Soueifs inserts her confidence in hybridity in the narrative construction of her fictional novels in
multiple ways. By introducing historical events and characters within the world of the novel, a bridge
between the two separate levels of fiction and history is made, which results in the construction of a
new, hybrid text. Ahdaf Soueif attempts to transport this hybridity to the narrative structures of her
books have resulted in unsuccessful format hybridization in In the Eye of the Sun and successful
conjoining in The Map of Love. Inspired by the cultures of Egypt and England, the hybrid author has
also found a way to insert cultural references to Eastern and Western literature and music. Both
cultures are acknowledged and respected, as illustrated by the many intertextual references that are
integrated in both novels. The hybrid upbringing of Ahdaf Soueif has exposed her to a mixture of
different languages, a significant fact which is also explored in her books. Despite her decision to
write fiction in English, she cleverly introduces the richness of the English and the Arabic languages
by exploring the difficult act of translation as experienced by her characters. Allowing them to move
between these languages and letting them comment on the issue of translation exposes the reader
of Ahdaf Soueifs novels to passages that magically capture the essence of languages, without
losing grip on the syntactic constraints.

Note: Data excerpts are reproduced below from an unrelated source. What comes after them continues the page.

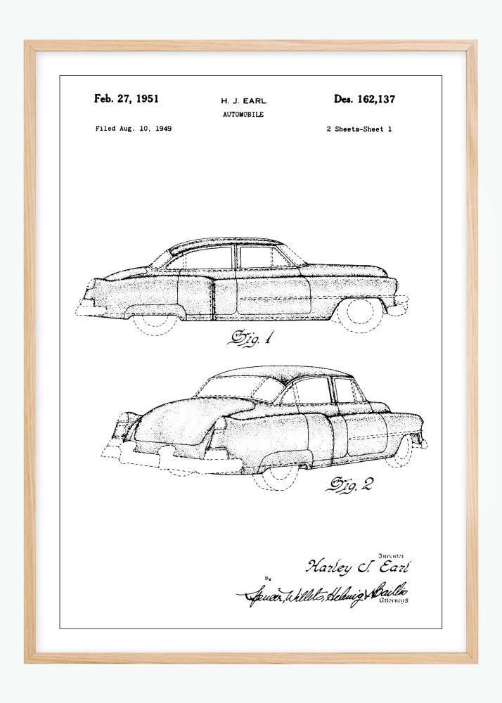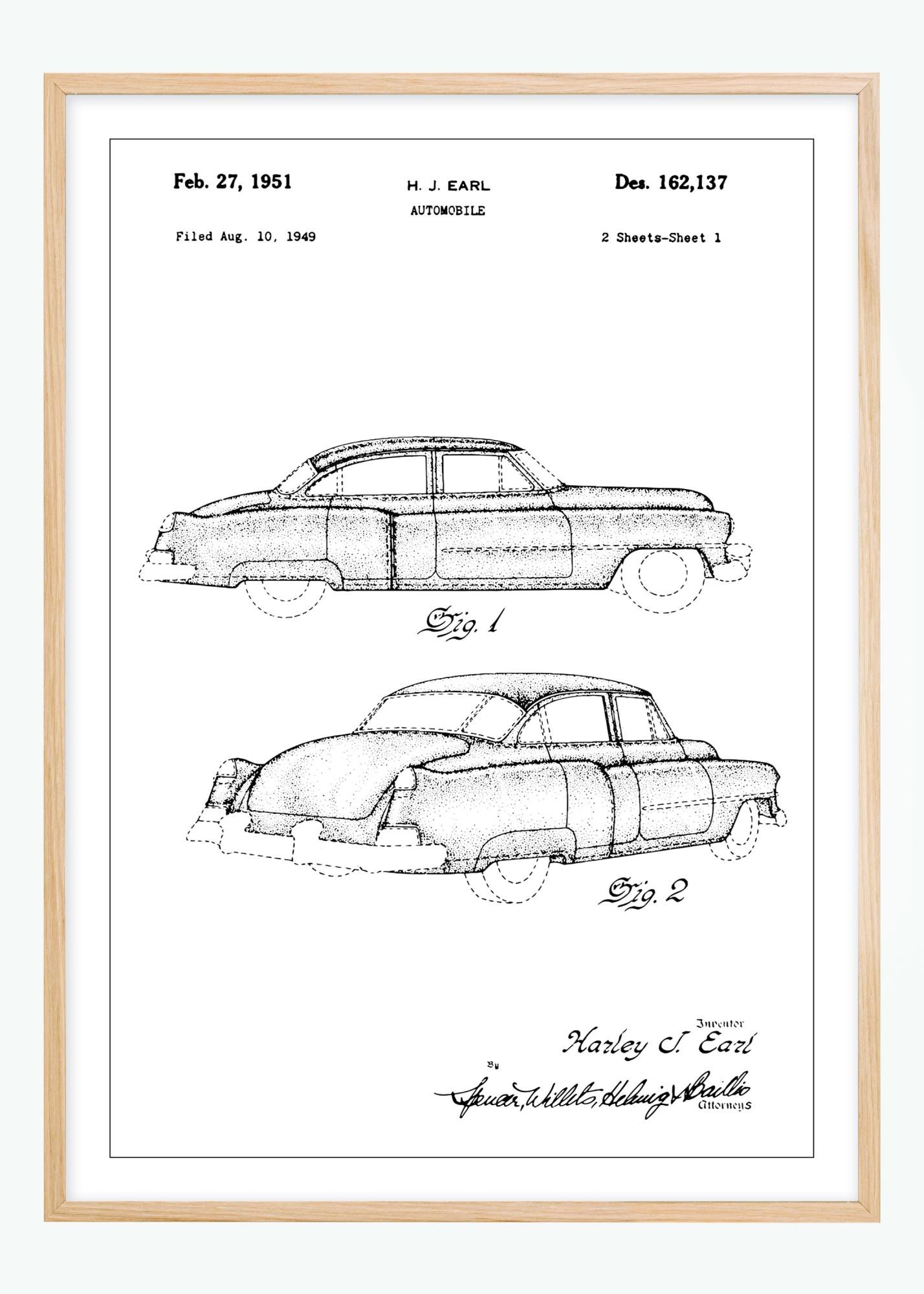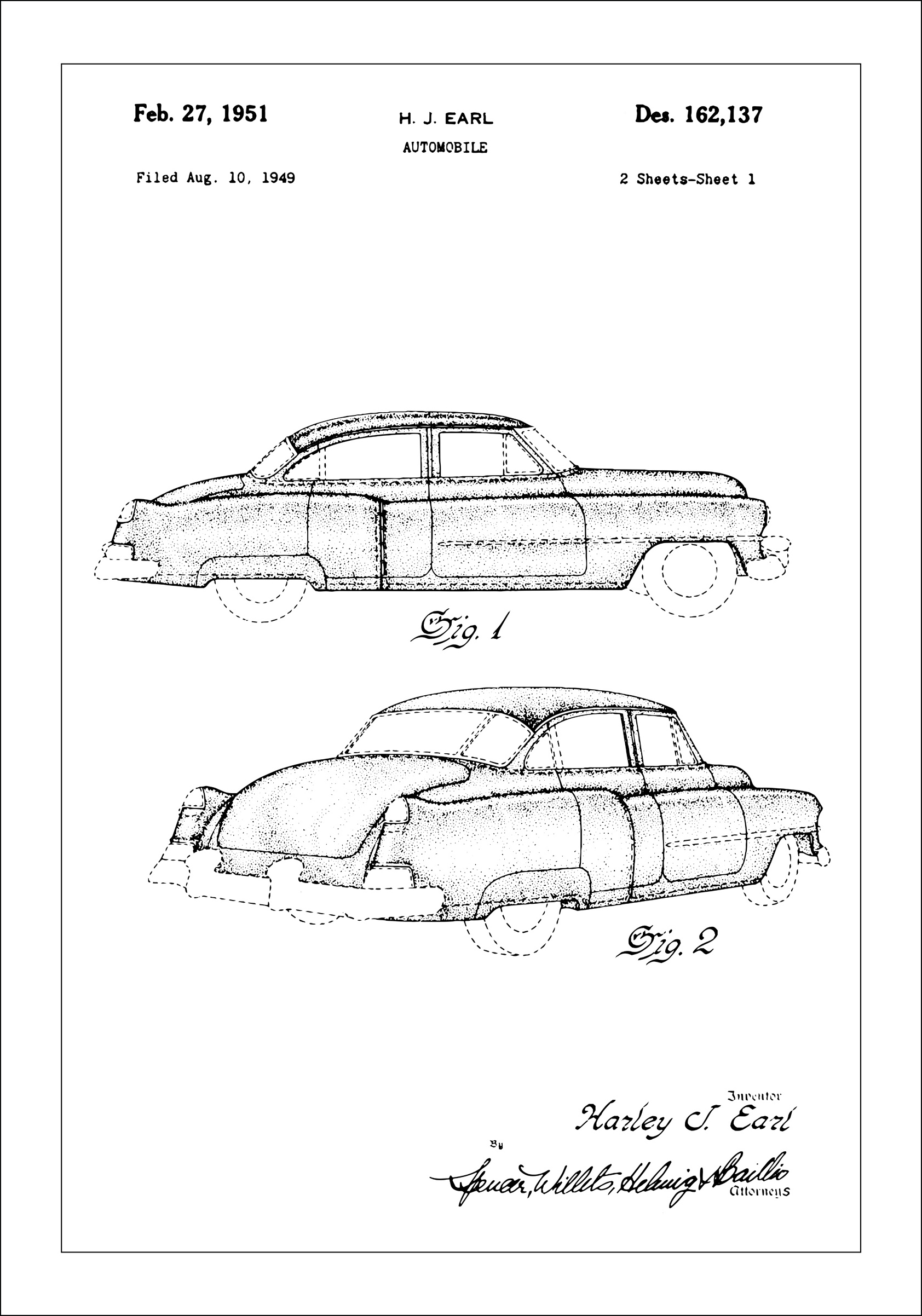 Ez a szabadalmi poszter egy kifinomult Cadillac autórajzot mutat be, amelyet a híres H.J. Earl tervezett. A 1951. február 27-ei dátummal, Des. 162,137 szabadalmi számmal, eredetileg 1949. augusztus 10-én benyújtva, ez a kép megragadja a háború utáni autóipar lényegét. A motívum az amerikai autók aranykorának tisztelgése, és olyan részletgazdagsággal készült, amely mind az autógyártók, mind a dizájn szerelmeseinek vonzó.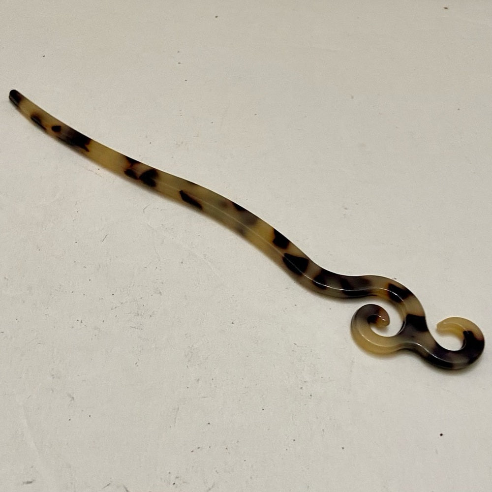 Vintage, Brown and Beige Tortoise Lucite Hair Pin Accessory 7in x 1in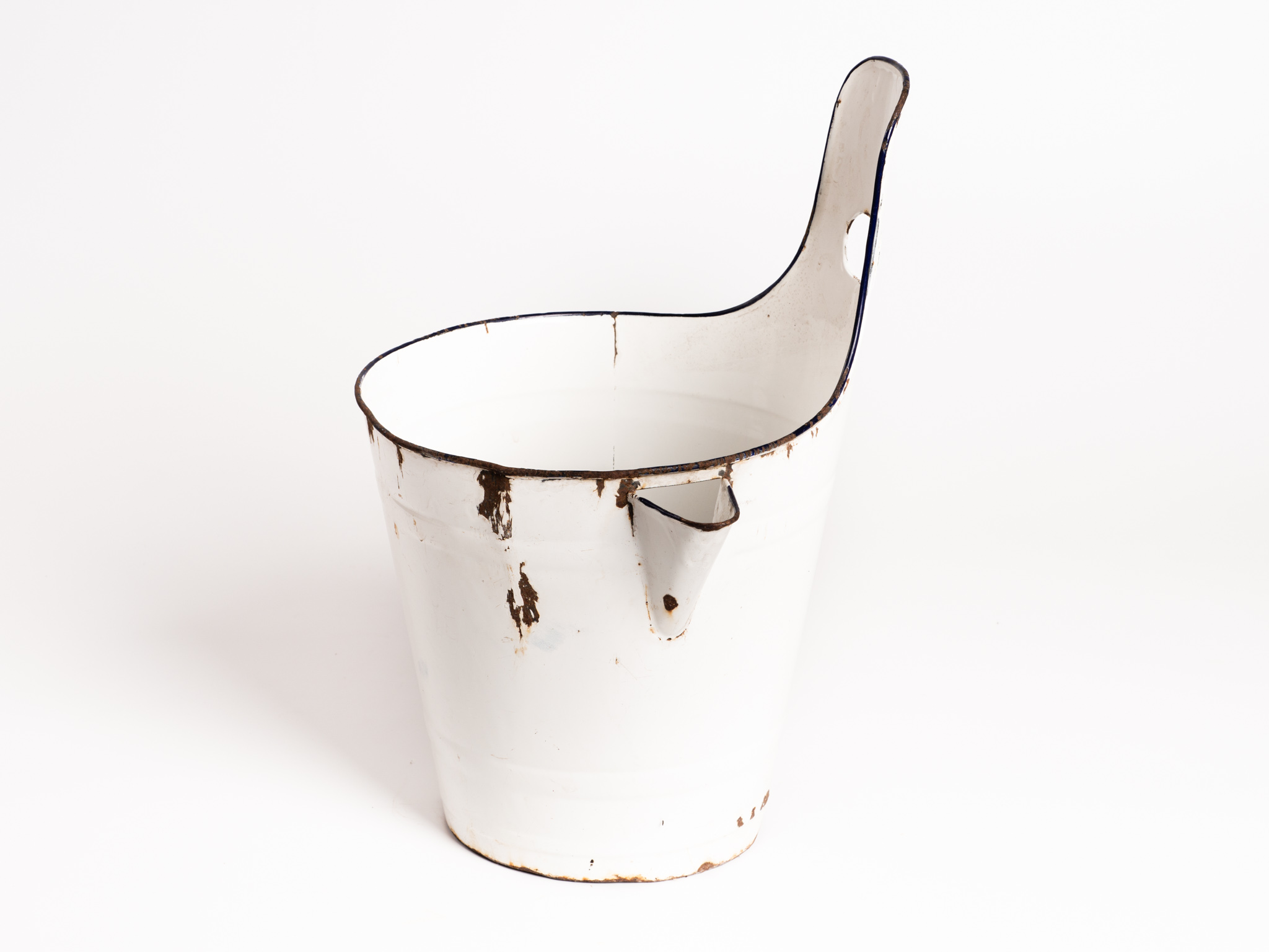 Felfelé szélesedő vödörszerű fejőedény, csőrös kiöntő résszel, támláján átlyukasztott fogantyúval, 7 literes. Védjegy: "Budafok" . Az 1904-ben alapított Budafoki Zománcgyár terméke, mely a két világháború között edényeket, háztartási eszközöket gyártott, majd a II. világháború után a Lampart Gyár vállalataként működött tovább.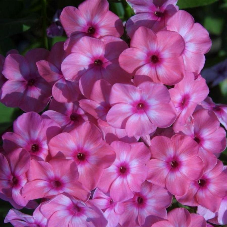 Светло-розовый с белой звездой и ярким малиновым колечком, не выгорает. Соцветие округло-коническое, плотное.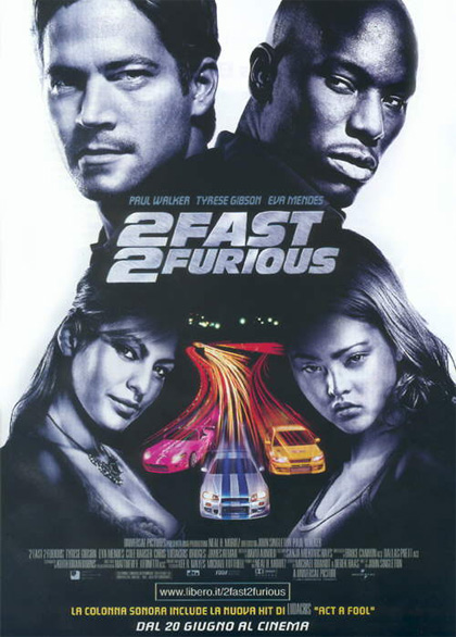 Brian (Paul Walker) ha la velocità nel sangue. Passione talmente esagerata da avergli fruttato l'esonero dall'FBI e averlo costretto a riciclarsi come criminale al servizio del boss di Miami Carter Verone. Decadenza degli eroi? Solo apparentemente: in realtà Brian, coadiuvato dall'altra infiltrata Monica, agisce sotto copertura per sventare un traffico di denaro sporco.E se per ottenere i propri scopi c'è da impegnarsi in duelli automobilistici mozzafiato, ad altissima velocità e tasso di scorrettezza, poco male... Sequel del film che ha lanciato Vin Diesel, 2Fast 2Furios riprende il prototipo esagerandone pregi e difetti. L'azione è ancora più adrenalinica (Singleton sa indubbiamente il fatto suo), le carrozzerie (delle auto e dei corpi degli attori) ancora più in risalto. Ma il film tratta unicamente di superfici, dimenticandosi completamente di dare un minimo di congruenza e continuità al racconto o di spessore ai personaggi, che sembrano ambire vanamente al fumetto. Risultato finale: un videoclip con occasionali interventi di trama. Ci si può divertire, a patto ovviamente di lasciare a casa il cervello.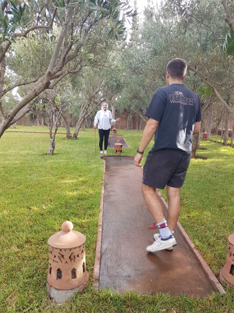 The Riad had lots to do. Louis and Ellie both plunged in the pool. Then straight out. Four of us had a massage. Gran did well in the pétanque competition. Clare gave up on tennis as her knees gave up. Table tennis. And Chris had a minor meltdown on the mini golf. Lots of board games. The Riad was so relaxing, even the next generation weren’t bothered about spending time in the city centre.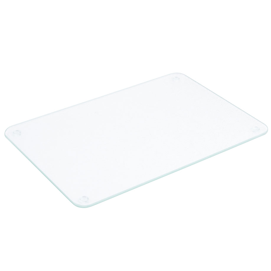 Glas-Schneidbrett aus gehärtetem, schlagfestem Industrieglas mit geriffelter Oberfläche, rutschfeste Füßchen, spülmaschinenfest und sehr hygienisch, geruchsneutral, kein Verfärben der Oberfläche, unempfindlich gegen Hitze- und Kälteschock, nahezu unzerbrechlich

In the Eye of the Sun and The Map of Love send out ambiguous messages about the future of
hybrids. The merger of Egyptian and English cultural elements in Soueifs second novel, as
illustrated by the love story between Anna and Sharif, ends in tragedy, which might suggest that the
conditions for the Mezzaterra were not yet fulfilled round the beginning of the twentieth century,
since Egypt still suffered from British occupation. The second story of the novel is set at the closing
stages of that century but its end suggest that our contemporary world is not ready to embrace
hybridity, illustrated by the probable murder of Amals brother, Omar. One could find in Isabel, Amal
and baby Sharif, who is the son of Isabel and Omar, a new hybrid family, however, Ahdaf Soueif
remains vague about their future.
All of the examples described and analyzed above would not have been integrated in Soueifs
novels if she herself had not been influenced by the concept of hybridity. Occupying the
Mezzaterra, which combines the best concepts of these cultivations, makes it possible for Ahdaf
Soueif to create fictional stories based upon cultural elements marked by hybridity. This thesis has
illustrated how this concept of hybridity is integrated in the construction of her novels. My analysis
has shown that hybridization has a significant impact on the formal structure and content of In the
Eye of the Sun and The Map of Love. Hereby, I can conclude that Ahdaf Soueif is a female novelist
who writes about the merger of different cultures in a postcolonial context and therefore, she
navigates the Mezzaterra in her fictional writings.